Hi @Nielk, you wrote in the other thread that you'd prefer the ICC. I'd be interested why you chose the ICC over the CCC? I like the ICC but for research purposes (not for clinical purposes) I'd be concerned that there's no waiting period necessaryhttp://onlinelibrary.wiley.com/doi/10.1111/j.1365-2796.2011.02428.x/full)

Wouldn't it be difficult to distinguish cases of self resolving post infectious illness after e.g. EBV from ME during the first weeks/months? I'm not arguing, I'm genuinely interested in your opinion. I wouldn't feel comfortable with people who have been sick for 1-3 months ending up in studies for ME (unless the onset or early stages etc are studied) because I think that sometimes only time will tell if they have ME or recover. So in this regard I'd prefer the CCC.

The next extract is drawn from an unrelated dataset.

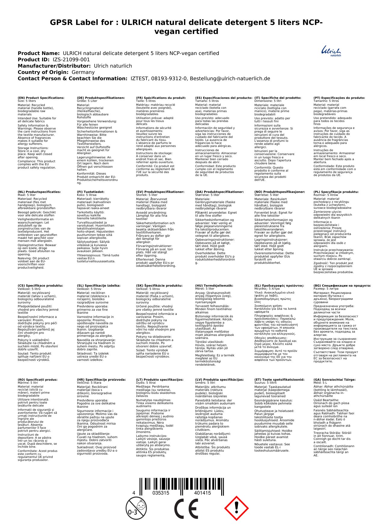 ULRICH natürlich Feinwaschmittel 5 Liter NCP-vegan zertifiziert
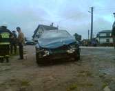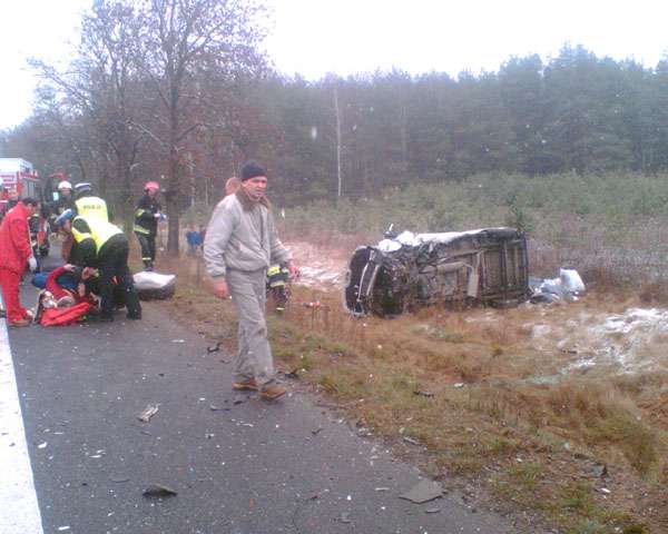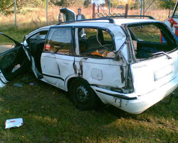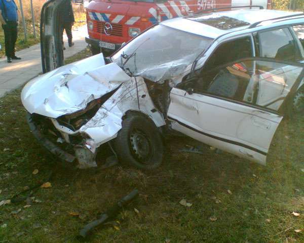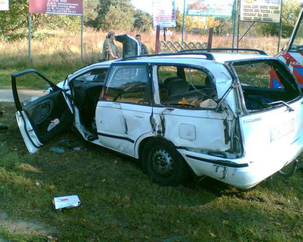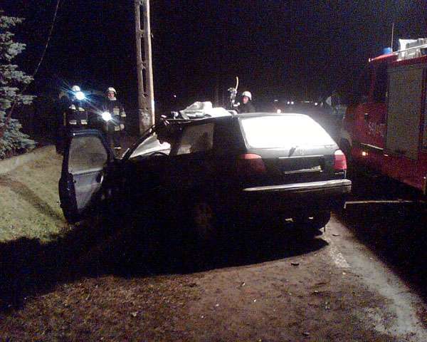 Prawdopodobnie nadmierna prędkość, była przyczyną tragicznego wypadku do którego doszło o godzinie 19.48 na ul. 3-go maja. Po przybyciu na miejsce wypadku samochód osobowy marki Honda znajdował się na poboczu drogi a na nim leżał ścięty na skutek uderzenia słup energetyczny. W pojeździe uwięziona była pasażerka, którą przy pomocy narzędzi hydraulicznych wydobyto z wraku pojazdu. Kierowca samochodu leżał na ziemi obok samochodu. Wezwane na miejsce Pogotowie Energetyczne zabezpieczyło złamany słup oraz zerwaną linię. Następnie przy użyciu piły do betonu pocięto słup i usunięto z pojazdu oraz jezdni. Ranne osoby w stanie ciężkim zostały zabrane do szpitala.

Which other disease requires that one suffers for 6 months before they can get a diagnosis. I trust that the many authors of the ICC many of which have hands-on experience treating and researching ME, were able to create criteria that can distinguish those with other fatiguing conditions and those who suffer from ME. They include in their guidelines specific testing which in tandem with the multisystem symptoms can identify and distinguish those who suffer from ME.

The reason that I personally prefer the ICC to the CCC are the following:

The ICC distinguishes CFS from ME. I believe that the reason we have not progressed scientifically as much as we should have in the past decades is that ME has been conflated with chronic fatigue which is due to many other conditions whether physical or psychological. Patients who suffer from those other conditions should get their proper diagnosis and should be treated for their condition or for their symptoms. No one wins when several conditions or diseases are mixed together.

I prefer the ICC to CCC because of their core symptom of PENE as opposed to PEM.

I think that there are other diseases like some cardiac ones where patients do feel post-exertional malaise. I believe that the neurological (mental) exasperation when overdoing it is unique to ME.

I also like the fact that the ICC was created for diagnostic and research purposes. It is too confusing to have different criteria for clinical and research purposes and as we have seen they are often used for the wrong venue.